The fees stay subsidised because the Investor Protection Funds of the exchanges and depositories carry most of the conciliator and arbitrator costs.

Documents you need

  • PAN, Aadhaar, address proof of the complainant.
  • Demat statement or mutual fund statement of account covering the disputed period (download from CDSL / NSDL Easi-Easiest, KFinKart, MFCentral).
  • Contract notes for every disputed trade. Brokers must send these by T+1. Pull them from the email trail or the broker portal.
  • Bank statement showing the credit you sent the broker and the credit you should have received back.
  • Email and chat transcripts with the entity, in chronological PDF.
  • The policy bond / scheme information document / KIM for mutual fund disputes - showing what was promised vs delivered.
  • For an IPO allotment dispute - the ASBA acknowledgement (UMR) and the bank's mandate statement.
  • For a transmission / death claim - death certificate, succession certificate or probate, indemnity bond if required.
  • The prior complaint email to the intermediary and their reply / auto-acknowledgement.

Save everything in one zipped folder before you start. SCORES and Smart ODR each ask for a consolidated PDF.

Investor Protection Fund - when the broker defaults

This is the route most investors never hear about. If your broker is declared a defaulter or expelled by the exchange - which happened to Karvy Stock Broking in 2020 and to several smaller members in 2023 to 2025 - you can claim from the exchange's Investor Protection Fund (IPF).

  • NSE IPF Trust under SEBI (Stock Exchanges and Clearing Corporations) Regulations 2018.
  • BSE IPF Trust under the same regulations.
  • MCX IPF for commodity broker defaults.
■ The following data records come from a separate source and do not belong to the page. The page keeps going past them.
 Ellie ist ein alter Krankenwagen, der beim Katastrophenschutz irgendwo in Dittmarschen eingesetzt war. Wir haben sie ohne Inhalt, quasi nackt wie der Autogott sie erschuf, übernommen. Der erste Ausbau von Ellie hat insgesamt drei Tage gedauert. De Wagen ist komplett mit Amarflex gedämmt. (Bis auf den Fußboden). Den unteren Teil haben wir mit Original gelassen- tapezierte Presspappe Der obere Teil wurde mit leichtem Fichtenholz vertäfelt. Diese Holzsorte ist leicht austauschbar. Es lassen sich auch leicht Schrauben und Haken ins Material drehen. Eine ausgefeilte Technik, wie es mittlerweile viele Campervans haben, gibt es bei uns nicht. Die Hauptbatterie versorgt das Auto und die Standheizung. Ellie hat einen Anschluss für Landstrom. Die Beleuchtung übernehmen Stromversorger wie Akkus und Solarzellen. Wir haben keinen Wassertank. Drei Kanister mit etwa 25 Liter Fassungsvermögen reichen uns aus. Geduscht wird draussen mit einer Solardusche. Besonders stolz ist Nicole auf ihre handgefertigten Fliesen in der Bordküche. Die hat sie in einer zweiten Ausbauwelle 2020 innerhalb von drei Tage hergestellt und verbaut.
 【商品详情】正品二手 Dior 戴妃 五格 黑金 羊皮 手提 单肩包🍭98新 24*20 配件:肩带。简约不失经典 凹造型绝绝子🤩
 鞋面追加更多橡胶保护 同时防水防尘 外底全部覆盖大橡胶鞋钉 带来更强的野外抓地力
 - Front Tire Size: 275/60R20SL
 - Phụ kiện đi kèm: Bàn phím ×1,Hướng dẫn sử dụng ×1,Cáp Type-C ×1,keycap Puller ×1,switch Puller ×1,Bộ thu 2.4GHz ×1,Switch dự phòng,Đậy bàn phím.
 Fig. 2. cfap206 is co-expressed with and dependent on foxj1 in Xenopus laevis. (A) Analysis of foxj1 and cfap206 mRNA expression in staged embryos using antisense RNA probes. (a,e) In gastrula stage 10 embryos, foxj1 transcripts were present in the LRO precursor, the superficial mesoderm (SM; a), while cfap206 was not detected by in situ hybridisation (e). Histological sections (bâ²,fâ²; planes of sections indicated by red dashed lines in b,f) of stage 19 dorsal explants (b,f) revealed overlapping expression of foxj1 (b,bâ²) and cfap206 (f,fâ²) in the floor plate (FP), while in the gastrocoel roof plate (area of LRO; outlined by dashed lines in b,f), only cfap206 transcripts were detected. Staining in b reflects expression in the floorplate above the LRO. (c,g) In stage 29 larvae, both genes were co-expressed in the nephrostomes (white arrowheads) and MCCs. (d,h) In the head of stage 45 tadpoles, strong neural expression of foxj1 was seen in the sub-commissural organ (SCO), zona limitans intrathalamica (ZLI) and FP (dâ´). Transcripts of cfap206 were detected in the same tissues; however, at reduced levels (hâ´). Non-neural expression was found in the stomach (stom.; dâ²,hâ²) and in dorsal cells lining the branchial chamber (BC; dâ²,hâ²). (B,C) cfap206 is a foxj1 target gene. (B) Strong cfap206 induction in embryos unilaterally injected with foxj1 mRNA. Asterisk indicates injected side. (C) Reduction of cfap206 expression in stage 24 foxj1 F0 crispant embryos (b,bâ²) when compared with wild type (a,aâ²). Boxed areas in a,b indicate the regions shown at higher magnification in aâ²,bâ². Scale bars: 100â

The maximum payout per investor per defaulter is Rs 25 lakh for NSE (revised 2023) and Rs 25 lakh for BSE. To claim:

  1. Wait for the public notice of declaration of default - it is posted on the exchange website and in two national newspapers.
  2. File a claim form within the timeline mentioned in that notice - usually 150 days.
  3. Attach the contract notes, ledger statement, demat statement, bank statement for the disputed window.
  4. The exchange's Defaulters' Committee scrutinises and sanctions payouts. You can appeal a rejection to the Member and Core Settlement Guarantee Fund Committee.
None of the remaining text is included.